◆ **Your goal**: When the line with "denen Erneuerungen in" turns up below, begin repeating exactly, and carry on through the line with "三等奖 生殖医学中心（两项）、眼科（两项）"; no pictures go into the copy.

◆ **Data to use**:

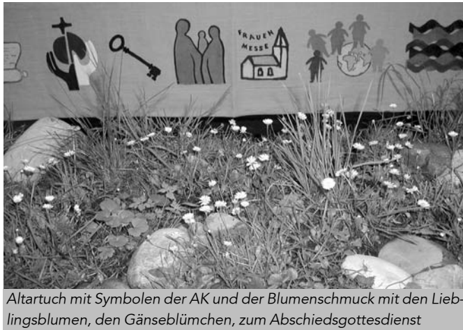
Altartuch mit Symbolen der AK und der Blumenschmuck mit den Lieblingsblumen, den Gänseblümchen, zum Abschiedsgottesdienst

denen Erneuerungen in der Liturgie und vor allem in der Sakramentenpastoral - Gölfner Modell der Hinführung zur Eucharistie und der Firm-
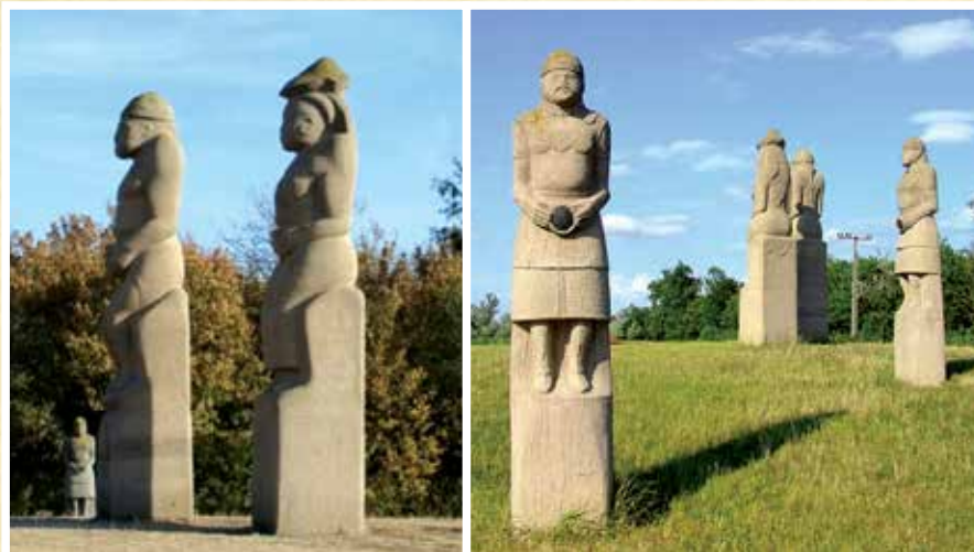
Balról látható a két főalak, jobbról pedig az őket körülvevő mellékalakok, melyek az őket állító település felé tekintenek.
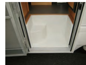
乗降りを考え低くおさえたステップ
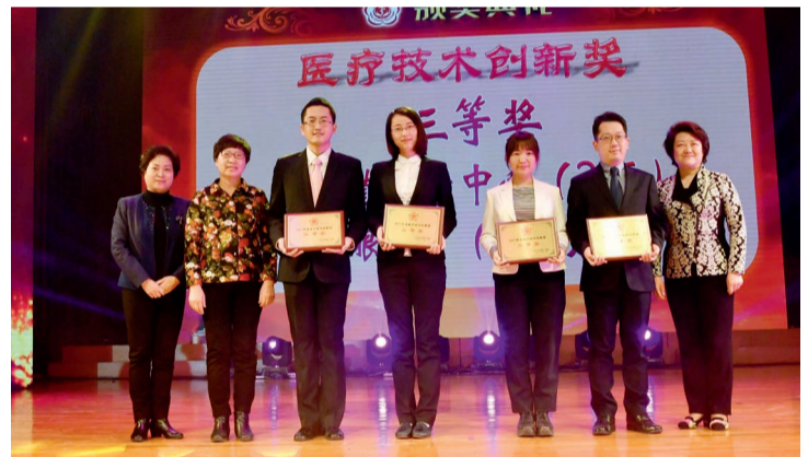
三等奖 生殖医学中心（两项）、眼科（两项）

...

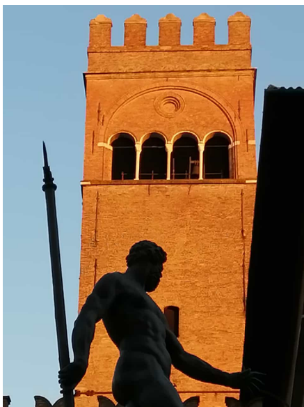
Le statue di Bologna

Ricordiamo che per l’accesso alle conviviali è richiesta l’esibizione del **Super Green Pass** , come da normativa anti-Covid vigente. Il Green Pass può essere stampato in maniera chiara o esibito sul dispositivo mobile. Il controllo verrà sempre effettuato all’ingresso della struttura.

◆ **Solved exercise**:
denen Erneuerungen in der Liturgie und vor allem in der Sakramentenpastoral - Gölfner Modell der Hinführung zur Eucharistie und der Firm-
Balról látható a két főalak, jobbról pedig az őket körülvevő mellékalakok, melyek az őket állító település felé tekintenek.
乗降りを考え低くおさえたステップ
三等奖 生殖医学中心（两项）、眼科（两项）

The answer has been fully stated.